### Task to carry out
Starting with the first line of the data below, copy each line up to and including the one containing "Laten we beginnen". Pictures stay out.

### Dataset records
[Start of section]

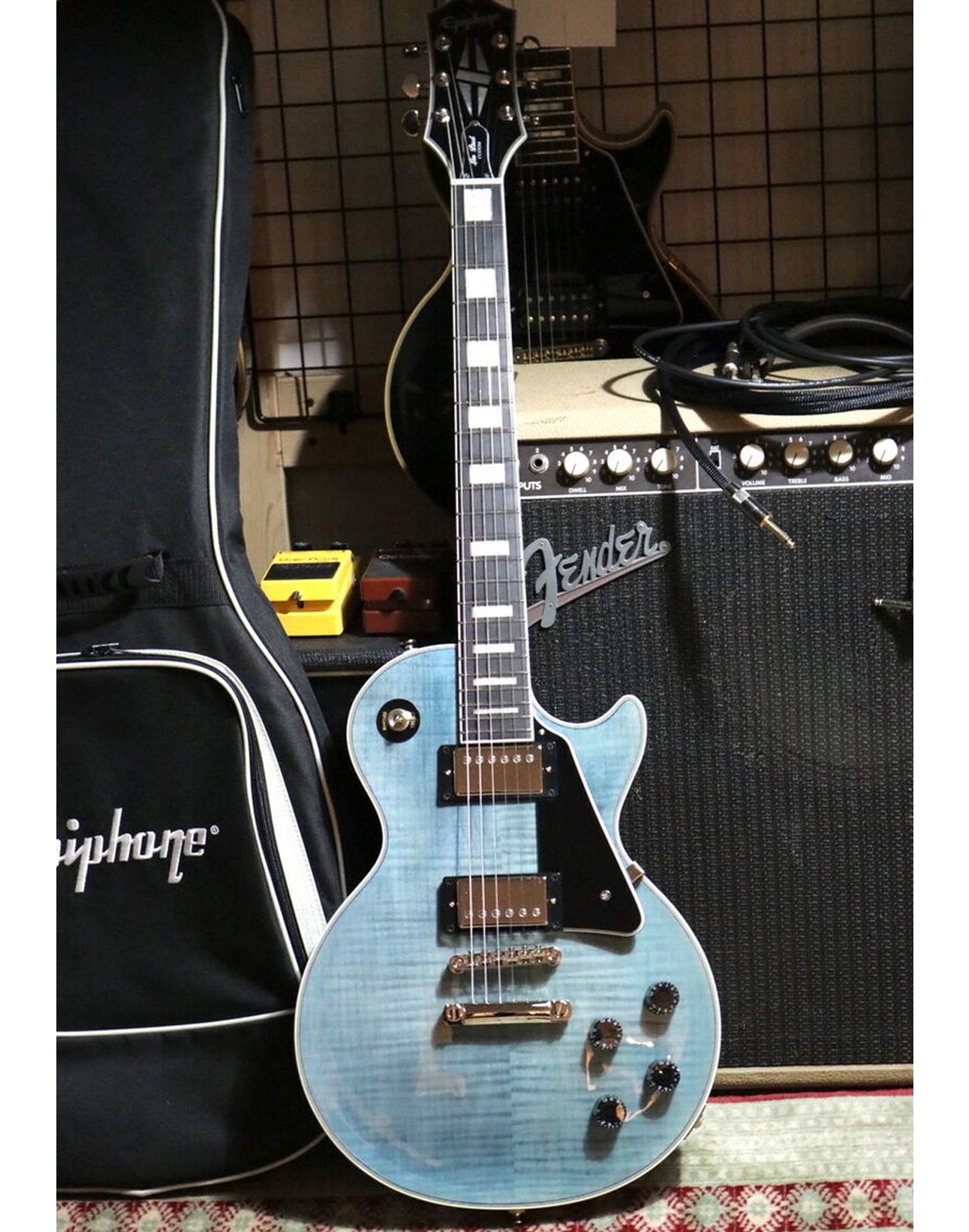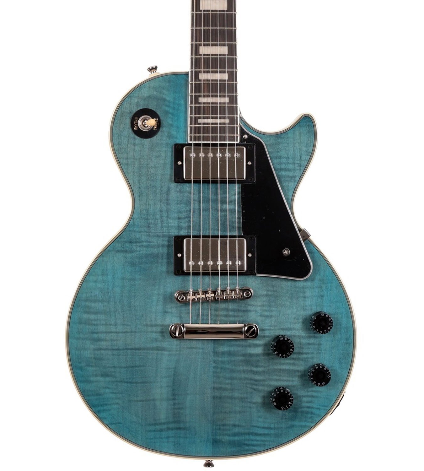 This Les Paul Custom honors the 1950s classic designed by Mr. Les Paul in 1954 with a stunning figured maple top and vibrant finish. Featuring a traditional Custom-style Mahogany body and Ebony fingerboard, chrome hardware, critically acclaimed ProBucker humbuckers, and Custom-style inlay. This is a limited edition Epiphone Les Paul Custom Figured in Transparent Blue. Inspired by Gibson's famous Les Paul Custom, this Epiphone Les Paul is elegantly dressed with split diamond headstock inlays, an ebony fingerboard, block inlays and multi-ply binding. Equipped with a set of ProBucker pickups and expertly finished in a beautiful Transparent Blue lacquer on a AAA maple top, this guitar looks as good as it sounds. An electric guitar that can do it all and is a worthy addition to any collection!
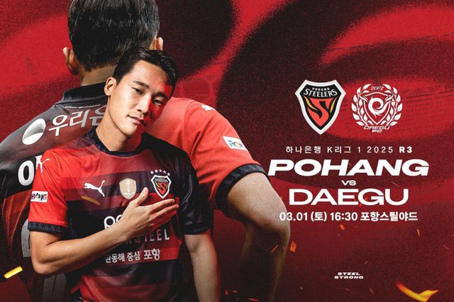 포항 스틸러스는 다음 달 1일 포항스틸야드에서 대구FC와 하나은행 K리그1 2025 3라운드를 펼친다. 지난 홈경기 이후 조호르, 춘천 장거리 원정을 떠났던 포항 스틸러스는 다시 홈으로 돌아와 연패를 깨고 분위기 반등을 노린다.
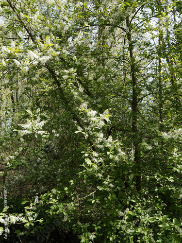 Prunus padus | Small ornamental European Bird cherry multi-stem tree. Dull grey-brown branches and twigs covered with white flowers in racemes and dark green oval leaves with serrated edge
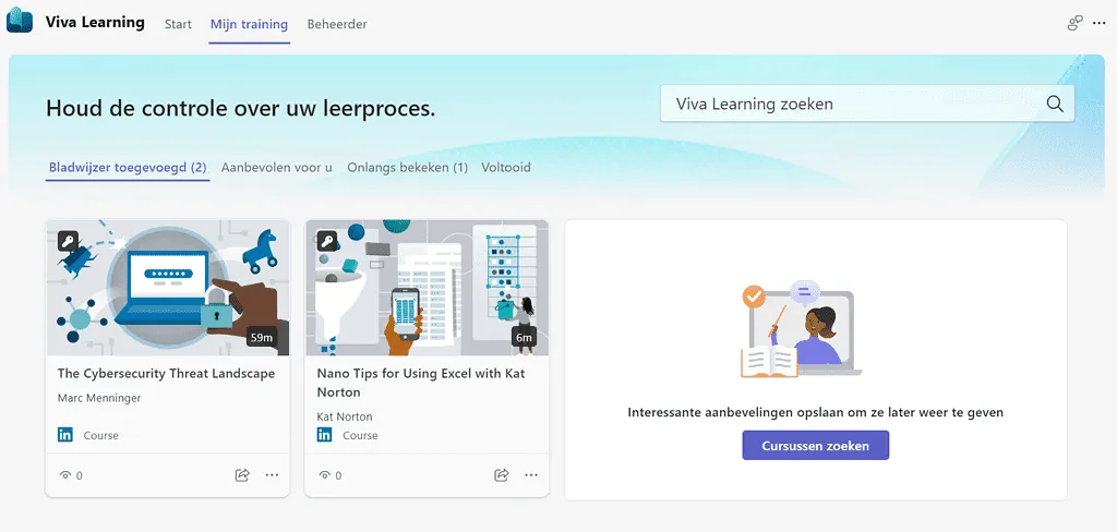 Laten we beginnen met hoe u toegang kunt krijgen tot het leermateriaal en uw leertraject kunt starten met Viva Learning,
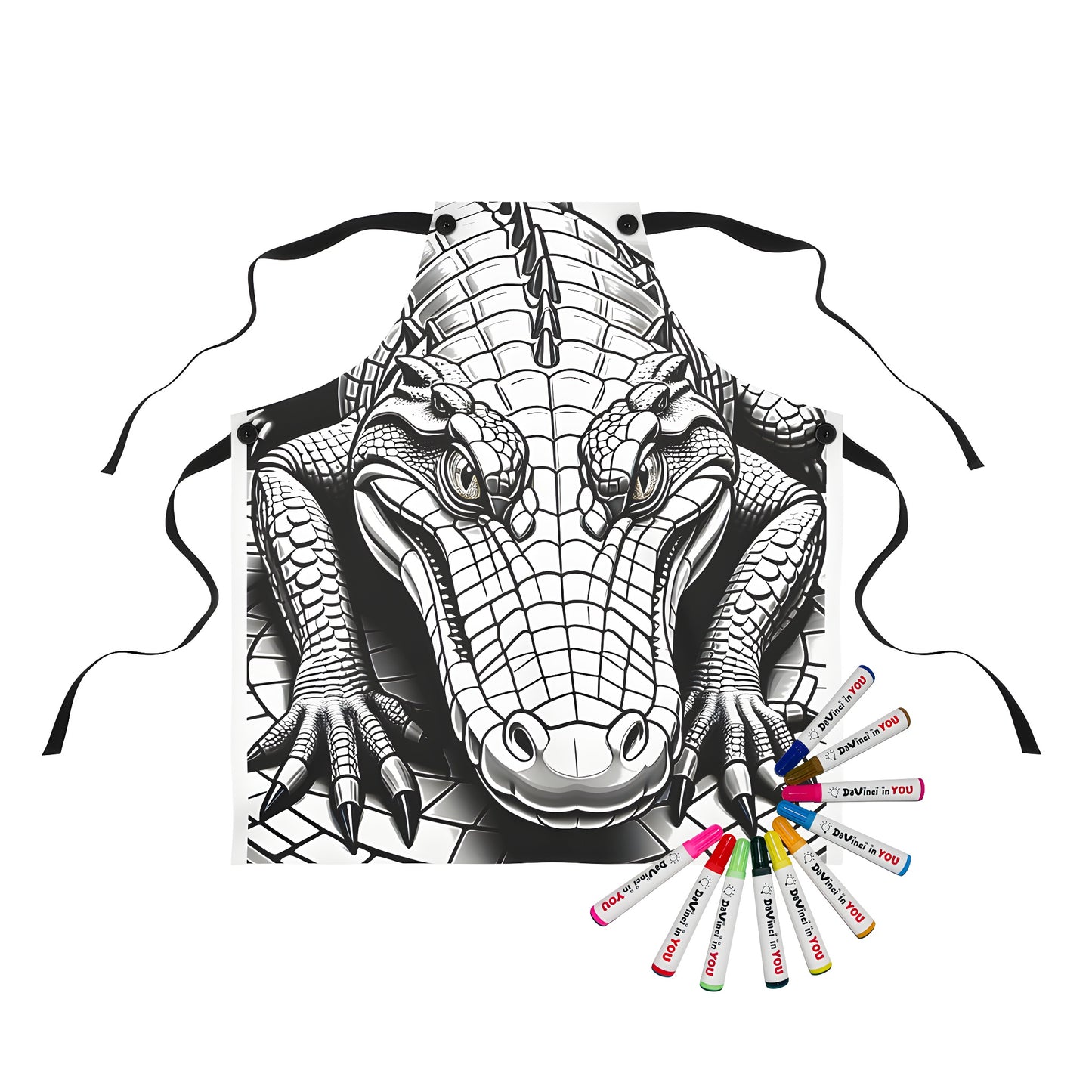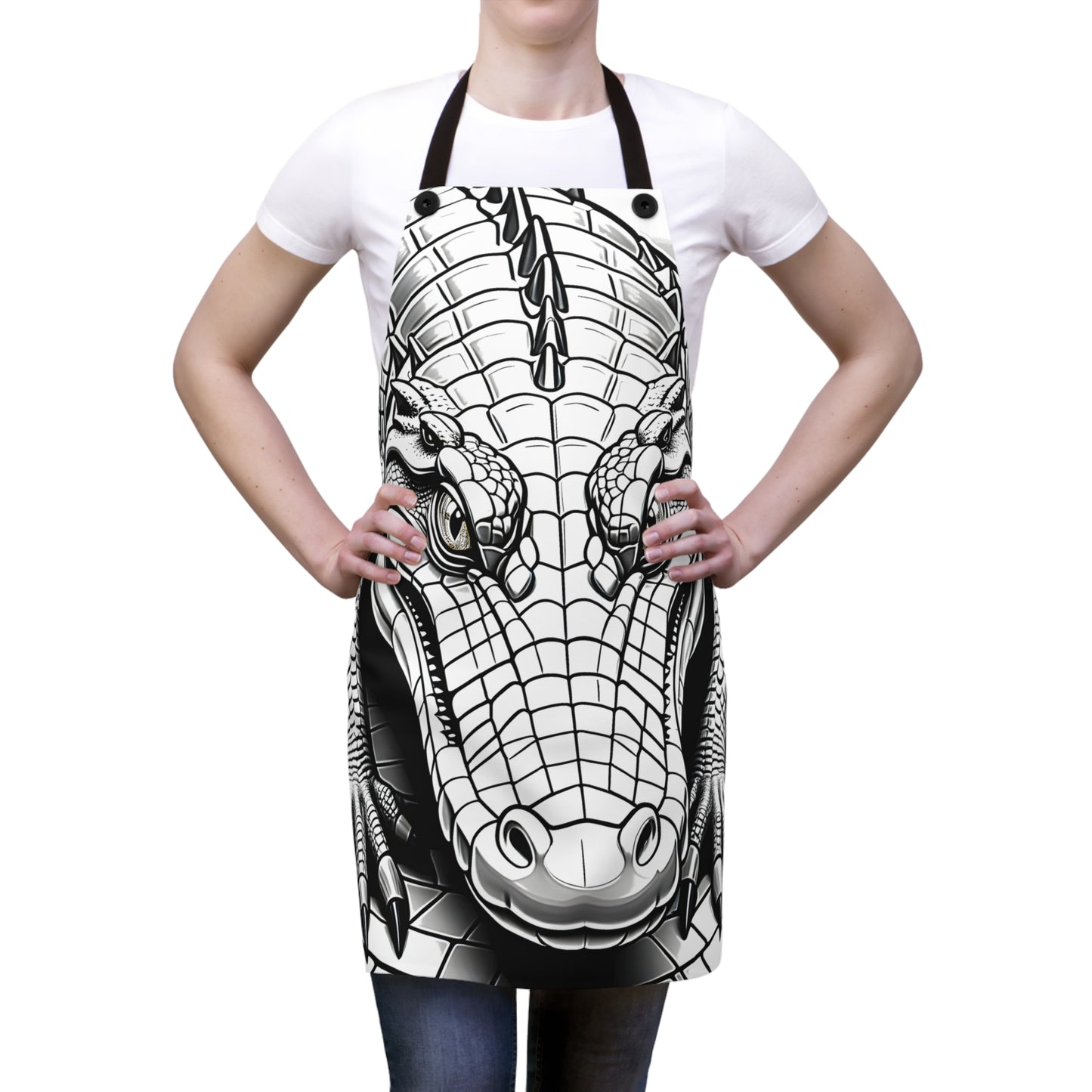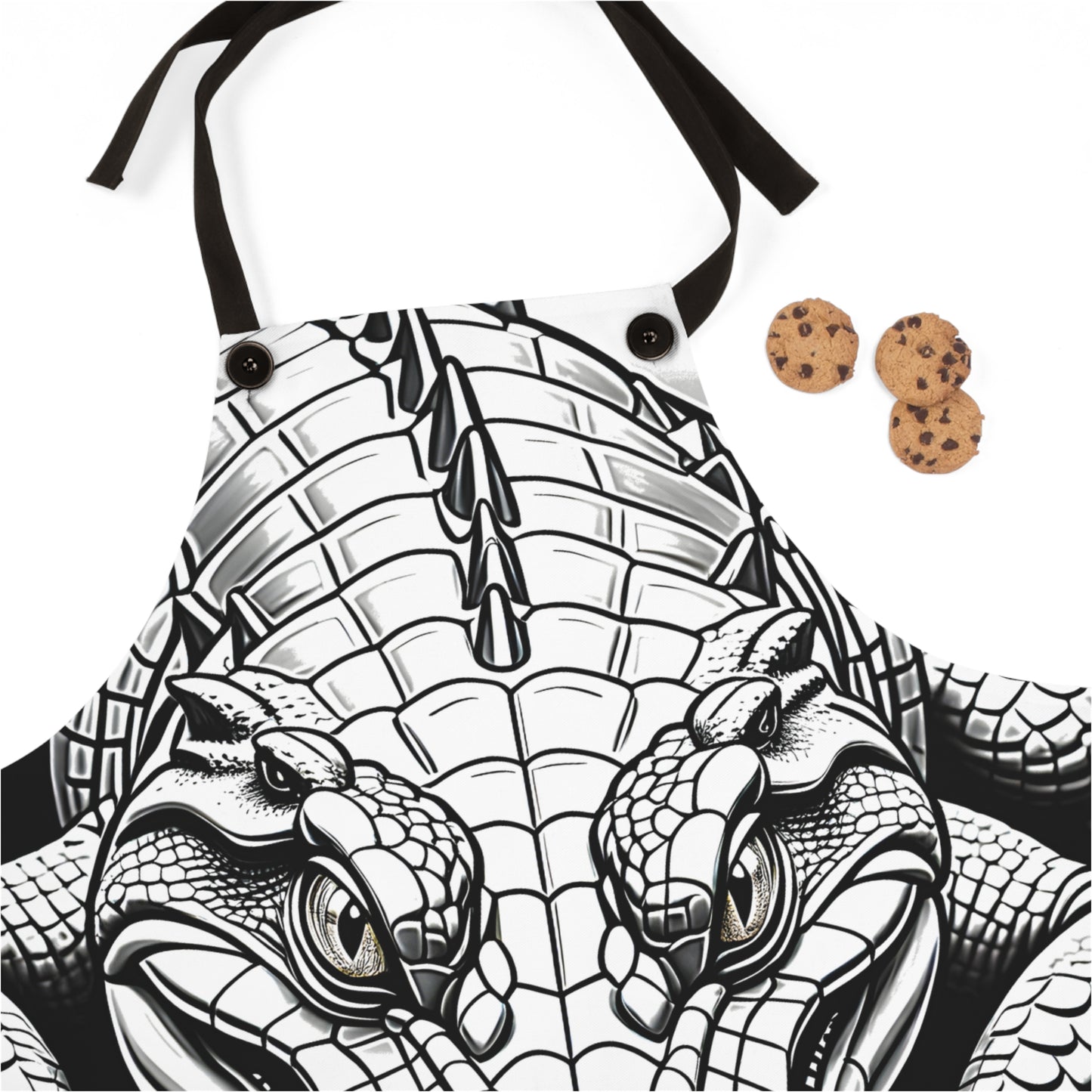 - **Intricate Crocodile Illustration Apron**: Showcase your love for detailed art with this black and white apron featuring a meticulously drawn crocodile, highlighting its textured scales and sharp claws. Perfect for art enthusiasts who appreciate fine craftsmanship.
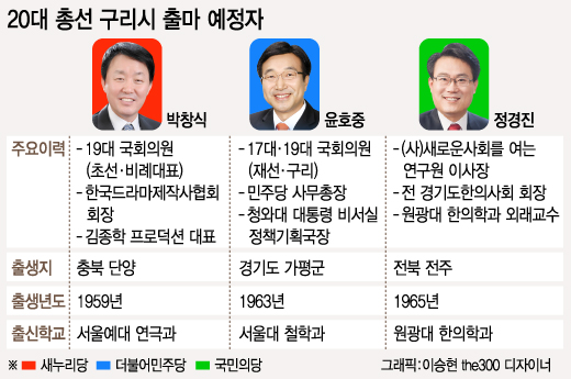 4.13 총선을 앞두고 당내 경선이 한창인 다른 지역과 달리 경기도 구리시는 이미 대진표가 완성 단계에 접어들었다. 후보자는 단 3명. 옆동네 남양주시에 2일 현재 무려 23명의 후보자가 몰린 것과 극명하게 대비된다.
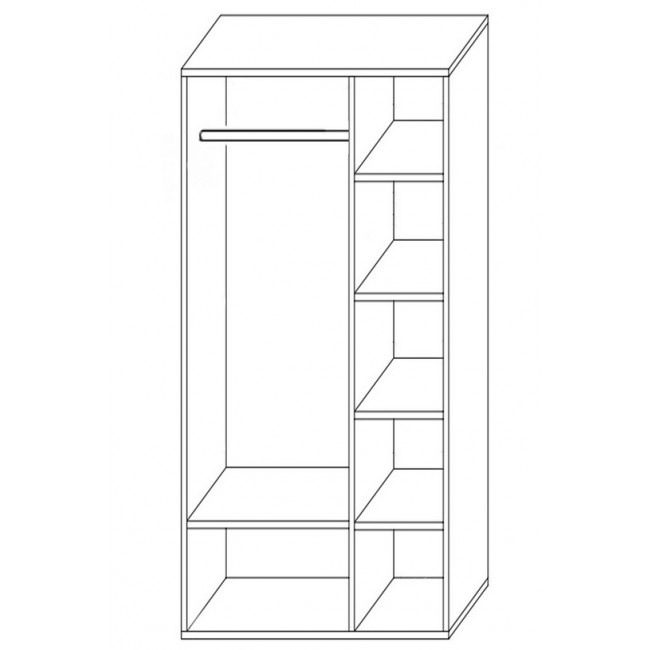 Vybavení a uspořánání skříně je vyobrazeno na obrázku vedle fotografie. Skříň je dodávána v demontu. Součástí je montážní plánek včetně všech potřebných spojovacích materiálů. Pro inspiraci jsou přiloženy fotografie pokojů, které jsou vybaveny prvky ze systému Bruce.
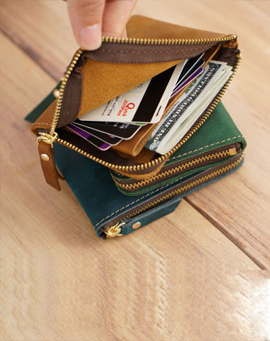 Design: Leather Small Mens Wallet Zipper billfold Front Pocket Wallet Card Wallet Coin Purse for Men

[End of section]

### Answer to the problem
 This Les Paul Custom honors the 1950s classic designed by Mr. Les Paul in 1954 with a stunning figured maple top and vibrant finish. Featuring a traditional Custom-style Mahogany body and Ebony fingerboard, chrome hardware, critically acclaimed ProBucker humbuckers, and Custom-style inlay. This is a limited edition Epiphone Les Paul Custom Figured in Transparent Blue. Inspired by Gibson's famous Les Paul Custom, this Epiphone Les Paul is elegantly dressed with split diamond headstock inlays, an ebony fingerboard, block inlays and multi-ply binding. Equipped with a set of ProBucker pickups and expertly finished in a beautiful Transparent Blue lacquer on a AAA maple top, this guitar looks as good as it sounds. An electric guitar that can do it all and is a worthy addition to any collection!
 포항 스틸러스는 다음 달 1일 포항스틸야드에서 대구FC와 하나은행 K리그1 2025 3라운드를 펼친다. 지난 홈경기 이후 조호르, 춘천 장거리 원정을 떠났던 포항 스틸러스는 다시 홈으로 돌아와 연패를 깨고 분위기 반등을 노린다.
 Prunus padus | Small ornamental European Bird cherry multi-stem tree. Dull grey-brown branches and twigs covered with white flowers in racemes and dark green oval leaves with serrated edge
 Laten we beginnen met hoe u toegang kunt krijgen tot het leermateriaal en uw leertraject kunt starten met Viva Learning,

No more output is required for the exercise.